Oito dias sem sono, com comida mal preenchendo seu estômago antes que ela pudesse vomitar todo o seu conteúdo no vaso sanitário pálido do seu banheiro, a dor se foi. Subitamente, como se fosse uma maldição. Algo pelo qual ela estava reduzida a lidar de forma torturante, até que seu algaz se desse por satisfeito e a libertar-se para sua vida comum.

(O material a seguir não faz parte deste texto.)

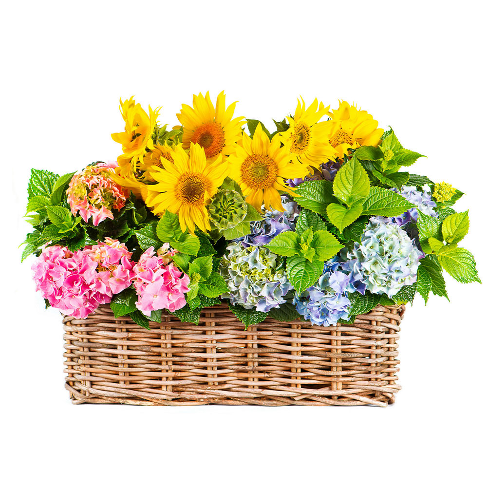 Подсолнух, гортензия голубая и розовая, мята. Упаковка (Корзина, оазис).
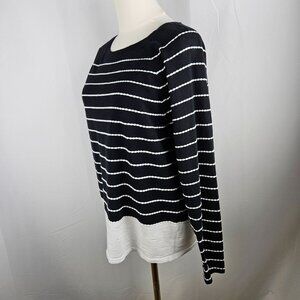 J. Jill Black & White Textured Striped Pullover Sweater Top Medium Casual Office
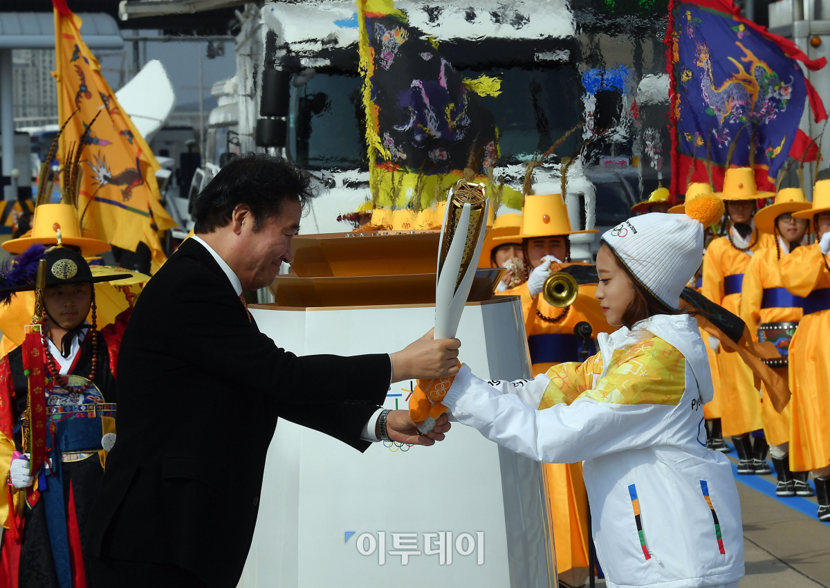 2018 평창동계올림픽을 100일 앞둔 1일 올림픽 성화가 한국에 도착했다. 이낙연 국무총리가 이날 인천대교 톨게이트 앞에서 열린 성화봉송 출발세리머니 행사에서 첫 주자인 피겨스케이팅 국가대표 유영 선수에게 성화봉을 전달하고 있다. 이동근 기자 foto@

Andrea teve mais longos três meses para continuar a empurrar seu medo debaixo dos seus travesseiros molhados, ela teve longos dias mastigando o mais lentamente possível apenas para que seu ouvido não capturasse um único som, ela temia que uma vez notada, sua cabeça voltaria a lhe importunar duramente. Seu cérebro tornou-se uma constante ameaça, um animal perigoso confinado dentro do seu crânio esbranquiçado, esperando, desesperadamente esperando, apenas por uma oportunidade para a reduzir em ossos e carne viva. Era como viver em completa ameaça. Como ter uma bomba relógio amarrada em sua coluna vertebral. Ela sentava-se com cuidado na cadeira do seu escritório, ela alimentava-se com comidas macias apenas para não fazer barulho, ela desapegou-se da música muito mais facilmente do que poderia imaginar, ela deixou que a televisão se tornasse um enfeite em seu apartamento e finalmente, ela tornou-se uma escrava para seus neurônios instáveis.